В этом боевом настроении он и заснул, сам того не заметив.
Ну, конечно же, из затеи Эмили продлить ему постельный режим ещё на два дня ничего не вышло.
Проснувшись поздним утром, Веттели обнаружил, что за окном сквозь прореху в тучках мягко светит белое зимнее солнце, с неба падают редкие, зато очень крупные снежинки, и в свежем сугробе самозабвенно, со счастливым визгом возится Вергилий, фокстерьер латиниста Лэрда. Увидел всё это и почувствовал, что вымрет, как доисторическое животное, если сразу после завтрака не отправится на прогулку и тоже не вываляется в снегу.
Эмили пробовала возражать (насчёт прогулки в принципе, про снег он предусмотрительно умолчал) – взывала к его разуму и аппелировала к доктору Саргассу. Саргасс сказал, что освобождённый от проклятий организм просто необходимо как следует проветрить. Но Эмили продолжала тревожиться и чуть не полчаса мучила потенциального супруга при помощи стетоскопа, термометра и чрезвычайно хитроумного прибора под названием «сфигмоманометр», после чего была вынуждена нехотя признать: в таком добром здравии он со дня их первой встречи не бывал ещё ни разу, поэтому для лёгкой пешей прогулки действительно нет никаких препятствий.

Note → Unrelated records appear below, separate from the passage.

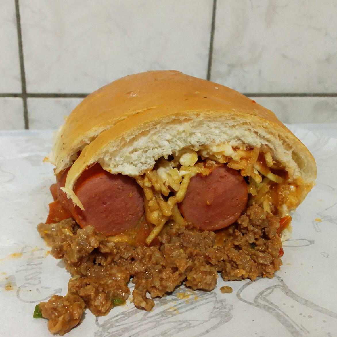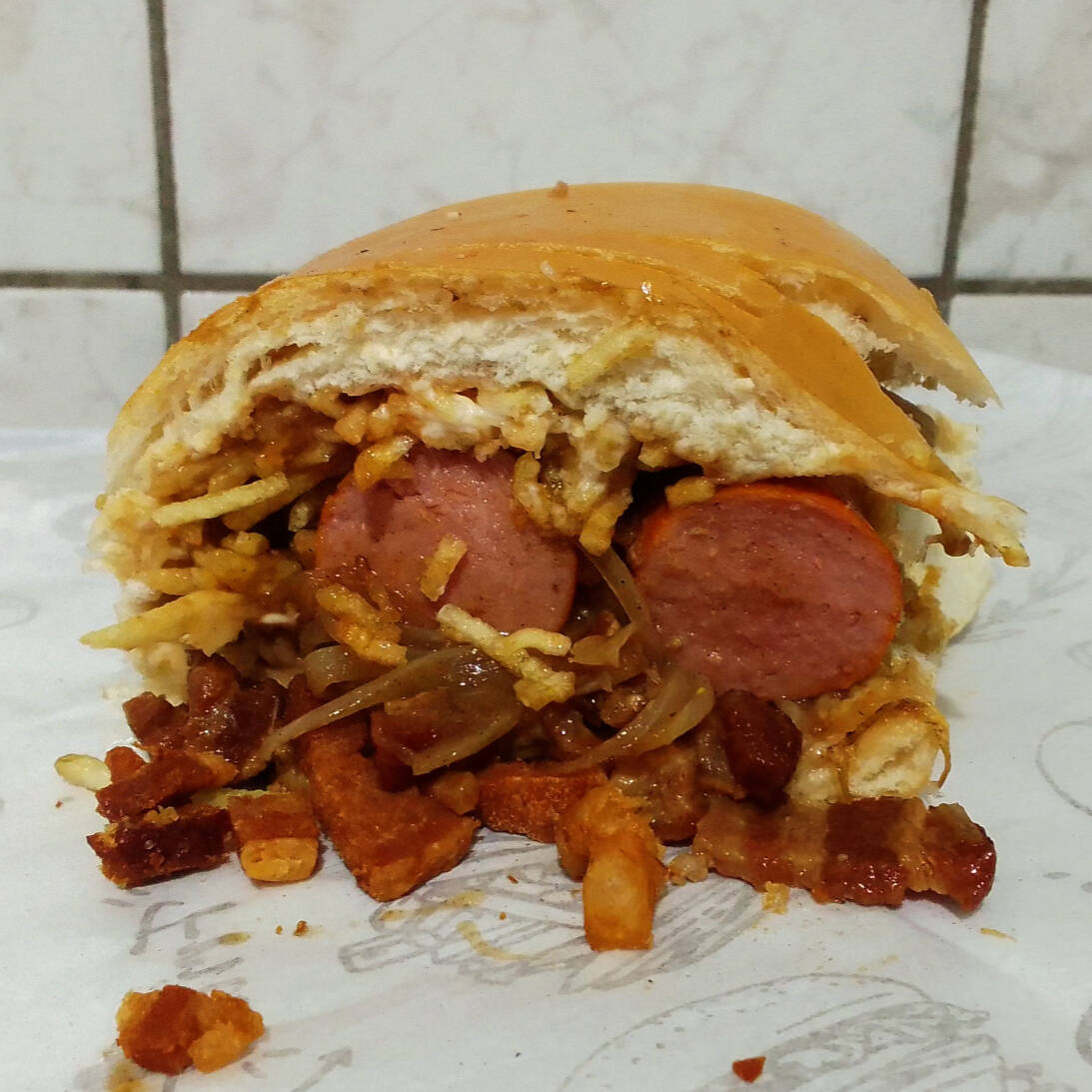Pão, 2 salsichas, carne moída com molho bolonhesa, bacon, vinagrete, batata palha, catchup, mostarda e maionese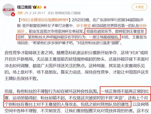 先是王曼昱、后有孙颖莎,饭圈文化体育化真就“没完了”?
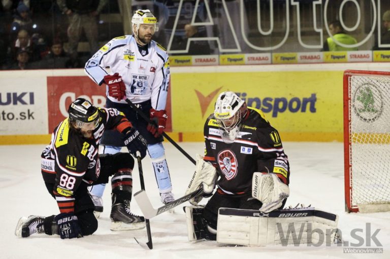Andreas Andersson (vpravo) a Patrick White (vľavo) z HC´05 Banská Bystrica a René Školiak (v strede) z HK Nitra počas šiesteho semifinálového zápasu play-off slovenskej hokejovej Tipsport extraligy 2014/2015 medzi HC´05 Banská Bystrica - HK Nitra. Banská Bystrica, 27. marec 2015. Foto: SITA/Ján Viazanička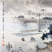 宗先生离开窗户,站到画案前,铺上一小张宣纸,仍未说话。但我从先生眼中的光芒看出来,他情绪激动。我连忙站到画案边——水盂和砚台都是现成的。我知道先生的习惯,这是千万不要出声,只管安静地站在一旁看就是。果然,先生提笔,刷刷几下勾出饭店门口传达室,接着手腕一抖,只听笔头在宣纸上刷刷有声,门前的树就被疾风吹弯了腰,树下一个人身不由己顶风抗争着,十分吃力;空中的几片飘叶,桥上的隐约人物……疾风乍起,暴雨将至的瞬间,就这样以疾风暴雨式的笔法顷刻而成。说什么一挥而就、神定气足,就在这一刻无比充分、无比生动地展现于眼前。先生把笔一丢,转身离去,只剩我木呆呆立在那里。如果对面有镜子,会照见我满脸的惊愕与钦佩!借着这场雨,宗先生如此即时印证了关于观察与默记,概括与表现的论述。让我明白这就是速写!这就是创作!这就是厚积而薄发!这就是一个艺术家对生活对大自然的激情!我得亲见这难得的一幕,我是有福的。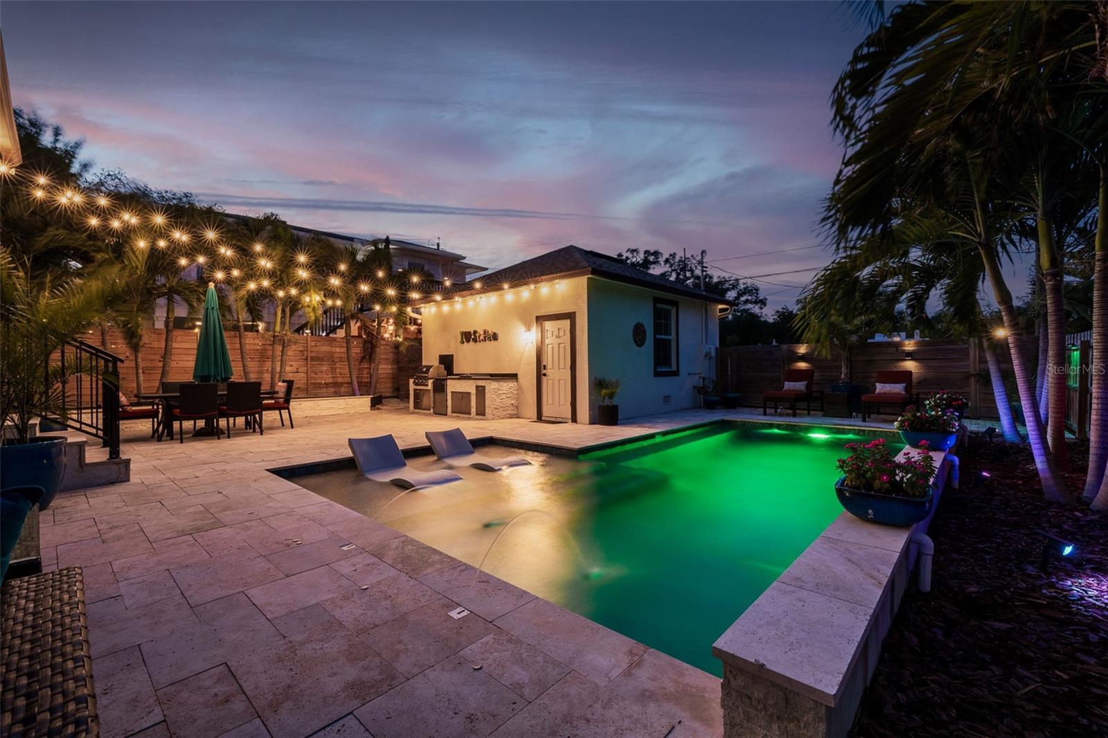 VENDEDORES MOTIVADOS!! Orgulhosamente mantida e localizada no bairro idílico do histórico Roser Park, esta casa elevada de 2017 oferece belas vistas de Booker Creek e, sim, você pode até ver peixes-boi, robalos e lontras... além de vistas do horizonte do centro de St. Alta e seca, com uma elevação de base de 11 pés, a casa não teve nenhuma intrusão de água durante as tempestades anteriores. Uma charmosa varanda frontal recebe você em um layout flexível com uma sala de jantar formal e um versátil espaço flexível no andar principal com banheiro completo - perfeito como suíte de hóspedes, escritório ou 4º quarto. A área de estar de conceito aberto flui perfeitamente para uma cozinha bem iluminada com bancadas de granito, armários shaker, eletrodomésticos de aço inoxidável (gama 2025 e micro-ondas 2026), uma grande ilha com balcão generoso, pia embutida e despensa. O primeiro andar apresenta madeira projetada com pintura interna fresca (2026). No andar de cima, você encontrará três quartos, dois banheiros, lavanderia e novo piso de madeira projetado (2026). A espaçosa suíte principal oferece tetos retangulares, luz abundante e vistas panorâmicas do riacho e da cidade, além de banheira tipo spa e amplo closet. Saia para o seu retiro privado no quintal projetado em 2019 com piscina aquecida de água salgada, deck de travertino, cozinha externa (churrasqueira, geladeira, refrigerador profundo), bem como iluminação de corda para adicionar ambiente e uma varanda coberta perfeita para relaxar ou se divertir. Atualizações adicionais incluem atualizações de equipamentos de piscina (bomba 2025, sistema de sal 2025), um gerador independente de 9.000 watts e um galpão de armazenamento de 8'x8'. Outros destaques incluem entrada inteligente, termostatos inteligentes, HVAC zoneado (2017), janelas de vidro duplo, venezianas, telhado (2017), aquecedor de água (2025) e garagem individual para dois carros com isolamento e armazenamento adicionais. Não perca esta oportunidade de boas pontuações de caminhada, vistas e muito espaço de entretenimento dentro e fora em um lote com localização única em uma rua sem saída dentro do histórico Roser Park, a poucos minutos das comodidades do centro de St Pete.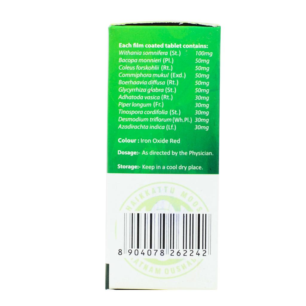 Ашваганда (Withania Somnifera) – 100 мг, Брахми (Bacopa Monnieri) – 50 мг, Форсколия (Coleus Forskohlii) – 50 мг, Коммифора мукул (Commiphora Mukul) – 50 мг, Пунарнава (Boerhaavia Diffusa) – 50 мг, Лакрица (Glycyrrhiza Glabra) – 50 мг, Юстиция сосудистая (Adhatoda Vasica) – 30 мг, Перец длинный (Piper Longum) – 30 мг, Гудучи (Tinospora Cordifolia) – 30 мг, Десмодиум трехцветковый (Desmodium Triflorum) – 30 мг, Ним (Azadirachta Indica) –30 мг.

Валяться в снегу возле школы Веттели не стал, решил отойти подальше. Он давно заметил интересную вещь: как только ему случалось заняться чем-то, не вполне сообразующимся со статусом школьного учителя, рядом как из-под земли возникала целая орава учеников и принималась на него таращиться.
К примеру, однажды он залез на каштан. Дело было в выходной день, в деревне. Накануне западный ветер сорвал с верёвки любимую нянину скатерть, она запуталась высоко в ветвях и провисела там всю ночь. Наутро Веттели вызвался её добыть. Казалось бы, пустяковое дело, какие могут быть осложнения?
Но стоило ему взгромоздиться на дерево и спрятать трофей за пазуху, чтобы не мешал спускаться вниз, как из кондитерской лавки выпорхнула целая стайка… да какая там стайка – целый класс девочек, штук двадцать, не меньше! В первый момент они замерли от удивления, потом дружно посияли. И каждая из них, проходя мимо злополучного каштана, вежливо говорила: «Здравствуйте, мистер Веттели» – и делала книксен. И каждая улыбалась до ушей, словно это зрелище было лучшим из всего, с чем ей доселе доводилось встречаться. Интересно, почему детям доставляет такую радость вид их учителя, сидящего на древе? В тот момент он чувствовал себя полным идиотом.
А случай в школьной библиотеке, когда он заскучал над программой по естествознанию и принялся машинально рисовать разную колониальную нежить в процессе её, так сказать, питания! Очень художественно изобразил и гуля с оторванной рукой в зубах, и ветала над разрытой могилой, и ракшаси, вырывающую нерождённого младенца из материнского чрева, и уже добрался до такхеметской Амат, пожирающей грешные сердца, как вдруг обнаружил, что за его спиной стоят трое второкурсников и, заглядывая через плечо, затаив дыхание, наблюдают, как на бумаге возникают образы, один другого поганее и непристойнее (что поделаешь, одежды нежить не носит). Конфуз, иначе не назовёшь.
А когда они с Эмили, прогуливаясь по парку, решили залезть в грот, чтобы там в романтической обстановке поцеловаться, и обнаружили, что не им одним пришла в голову эта великолепная идея, что внутри уже обретаются три парочки старшекурсников! Они, конечно, попытались исправить положение возмущёнными воплями: «Безобразие, вас давно ищут, немедленно марш в школу!», но, кажется, никого не обманули…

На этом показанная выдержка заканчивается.